Work order |
The answer must be an exact printing of every record below, with the pictures omitted.

Items from a dataset
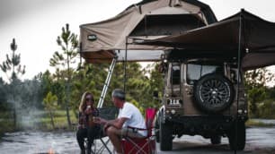 Un toldo extensible brinda a los aventureros protección contra el sol o las inclemencias del tiempo a la hora de relajarse, mientras que numerosos accesorios hacen posible la supervivencia fuera de la civilización. Es el caso de los paneles de recuperación ARB y el cabrestante Warn, ambos muy útiles si te quedas atascado en el barro.
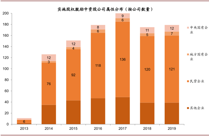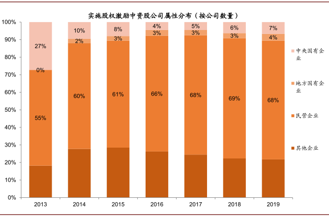 4) 民营公司更愿意做股权激励。万得数据显示,自2010年以来,民营企业实施股权激励的公司数量占所有股权激励公司的74%,是实施股权激励的主力军。但未来国企施行股权激励的数量也有望明显提升。
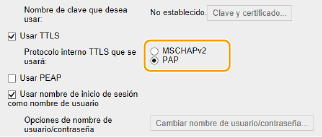 Seleccione la casilla de verificación [Usar TTLS] o [Usar PEAP].
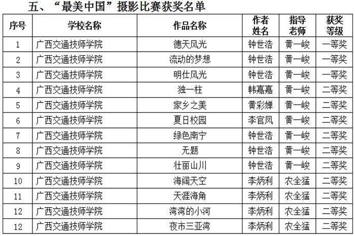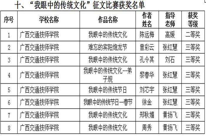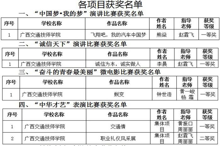 由(yóu)自治區教育廳、自治區團委、自治區(qū)婦聯、自治區關工委、中華(huá)職業教育社廣西分社主辦,廣西中等職業教育教學改革(gé)指導中心、廣西機電工程學校、廣西八桂職教網承辦的第十一屆全區中等職(zhí)業學校“文(wén)明風采”競賽活動已圓滿結束,我院師生在此次活動中(zhōng)成績斐然。
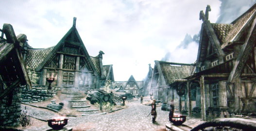 A bit later I passed a carriage, and it's owner told me a bit about Whiterun, and that I should beware of getting involved in a family feud between the Gray-Manes and the Battle-Born. He also shared that the barkeep of the 'Bannered Mare' would be a good source of further information. I suppose I was heading to the Bannered Mare then.
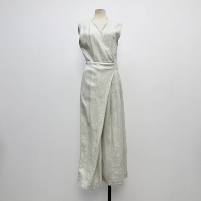 Simple V-neck Sleeveless Waist-cinching Linen Jumpsuit
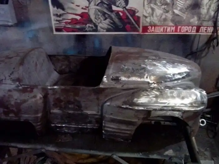 Для полного соблюдения всех размеров был изготовлен деревянный каркас. После этого кузов методично варился, выравнивался, рихтовался и снова выравнивалс
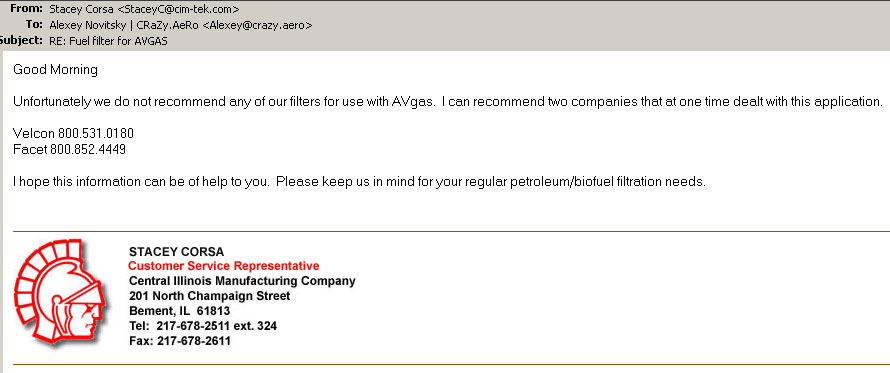 Cim-Tek фильтры использовать с AVGAS нельзя (есть ответ производителя).
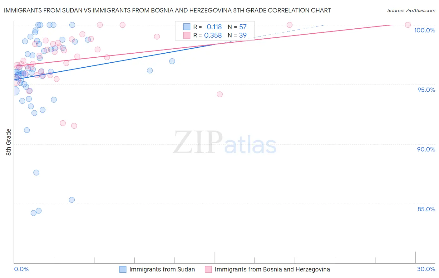 Immigrants from Sudan vs Immigrants from Bosnia and Herzegovina 8th Grade Correlation Chart

Solution for this task |
 Un toldo extensible brinda a los aventureros protección contra el sol o las inclemencias del tiempo a la hora de relajarse, mientras que numerosos accesorios hacen posible la supervivencia fuera de la civilización. Es el caso de los paneles de recuperación ARB y el cabrestante Warn, ambos muy útiles si te quedas atascado en el barro.
 4) 民营公司更愿意做股权激励。万得数据显示,自2010年以来,民营企业实施股权激励的公司数量占所有股权激励公司的74%,是实施股权激励的主力军。但未来国企施行股权激励的数量也有望明显提升。
 Seleccione la casilla de verificación [Usar TTLS] o [Usar PEAP].
 由(yóu)自治區教育廳、自治區團委、自治區(qū)婦聯、自治區關工委、中華(huá)職業教育社廣西分社主辦,廣西中等職業教育教學改革(gé)指導中心、廣西機電工程學校、廣西八桂職教網承辦的第十一屆全區中等職(zhí)業學校“文(wén)明風采”競賽活動已圓滿結束,我院師生在此次活動中(zhōng)成績斐然。
 A bit later I passed a carriage, and it's owner told me a bit about Whiterun, and that I should beware of getting involved in a family feud between the Gray-Manes and the Battle-Born. He also shared that the barkeep of the 'Bannered Mare' would be a good source of further information. I suppose I was heading to the Bannered Mare then.
 Simple V-neck Sleeveless Waist-cinching Linen Jumpsuit
 Для полного соблюдения всех размеров был изготовлен деревянный каркас. После этого кузов методично варился, выравнивался, рихтовался и снова выравнивалс
 Cim-Tek фильтры использовать с AVGAS нельзя (есть ответ производителя).
 Immigrants from Sudan vs Immigrants from Bosnia and Herzegovina 8th Grade Correlation Chart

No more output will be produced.